* **ASSIGNED TASK**
Restate exactly, and only, the lines from the one with "Pensjonat Familijny położony" through the end of the data, with both of those end lines kept. Drop any pictures.

────────

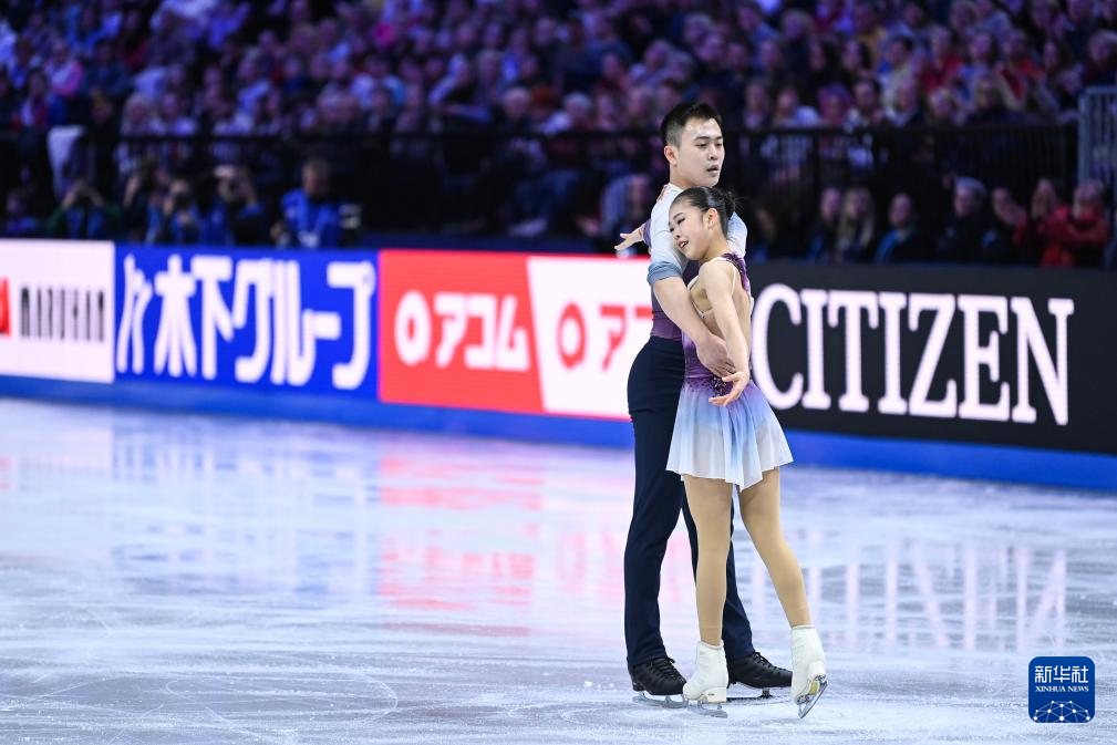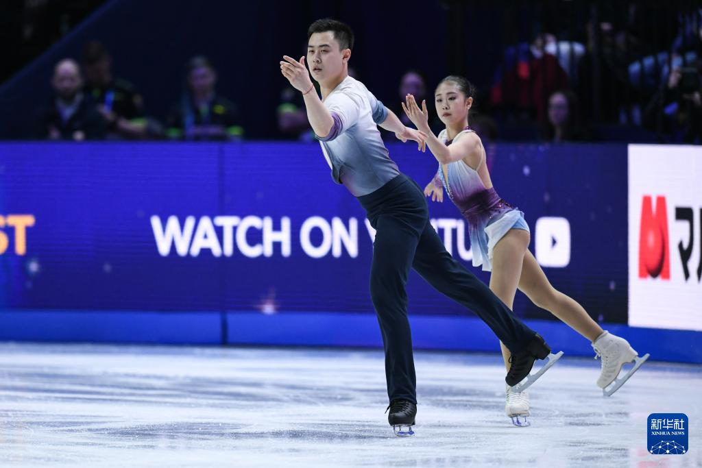 3月26日,中国组合张嘉轩(右)/黄一航在比赛中。最终,他们获得双人滑第九名。
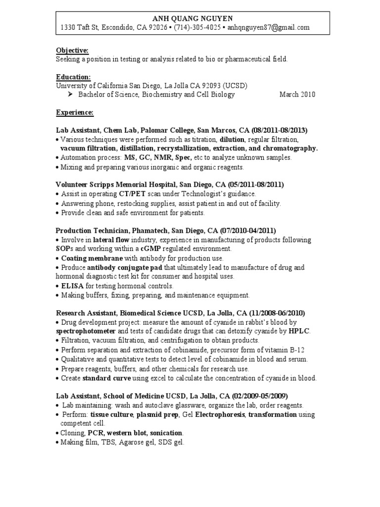 Qa Qc Microbiologist Resume In San Diego Ca Focus In Biotech
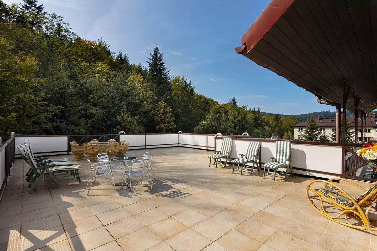 Pensjonat Familijny położony jest u stóp Góry Parkowej nad potokiem Palenica. Stanowi wyborny punkt wypadowy dla spacerów i górskich wycieczek.
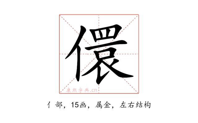 〔儇〕字是左右结构,可拆字为“亻、睘”,五行属金。
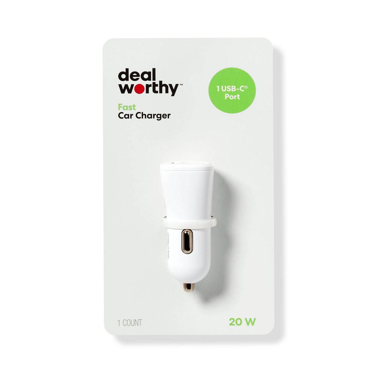Single Port 20W USB-C Car Charger - dealworthy™ White: 3A Fast Charging Adapter
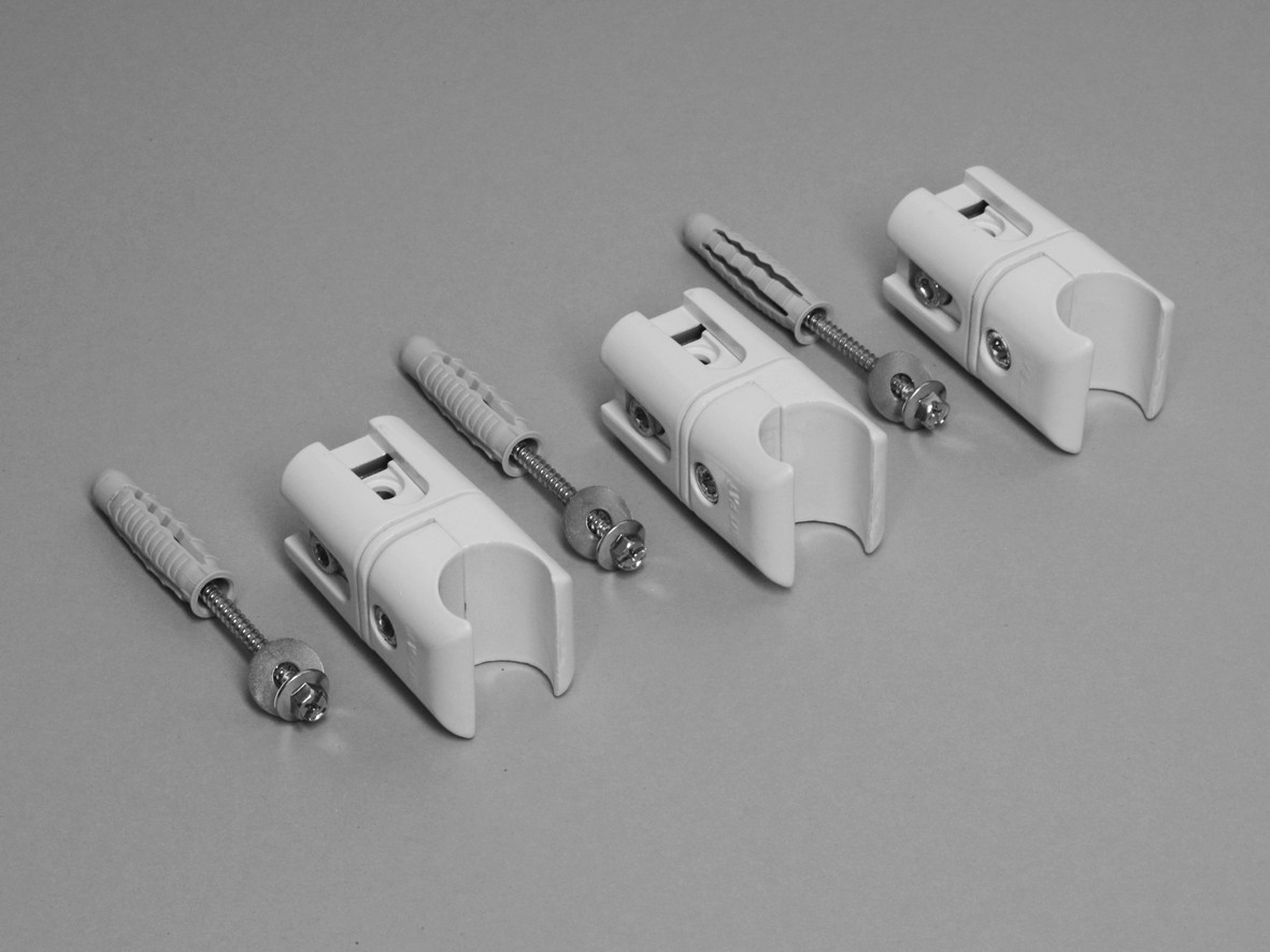 für Era und Krera ohne Befestigungslaschen, bestehend aus 3 Spezial-Halterungen aus Aluminium-Druckguß, für Rundrohr 25 mm, für lichten hinteren Wandabstand von ca. 50-60 mm, mit 3 Dübel 10 mm und 3 Holzschrauben
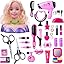 Kids Doll Head for Hair Styling and Make Up for Girls, Head Styling Doll with Hair Makeup Practice, Hair Styling Toys with Hair Dryer, Accessories (Pink)

────────

* **PROBLEM SOLUTION**
 Pensjonat Familijny położony jest u stóp Góry Parkowej nad potokiem Palenica. Stanowi wyborny punkt wypadowy dla spacerów i górskich wycieczek.
 〔儇〕字是左右结构,可拆字为“亻、睘”,五行属金。
Single Port 20W USB-C Car Charger - dealworthy™ White: 3A Fast Charging Adapter
 für Era und Krera ohne Befestigungslaschen, bestehend aus 3 Spezial-Halterungen aus Aluminium-Druckguß, für Rundrohr 25 mm, für lichten hinteren Wandabstand von ca. 50-60 mm, mit 3 Dübel 10 mm und 3 Holzschrauben
 Kids Doll Head for Hair Styling and Make Up for Girls, Head Styling Doll with Hair Makeup Practice, Hair Styling Toys with Hair Dryer, Accessories (Pink)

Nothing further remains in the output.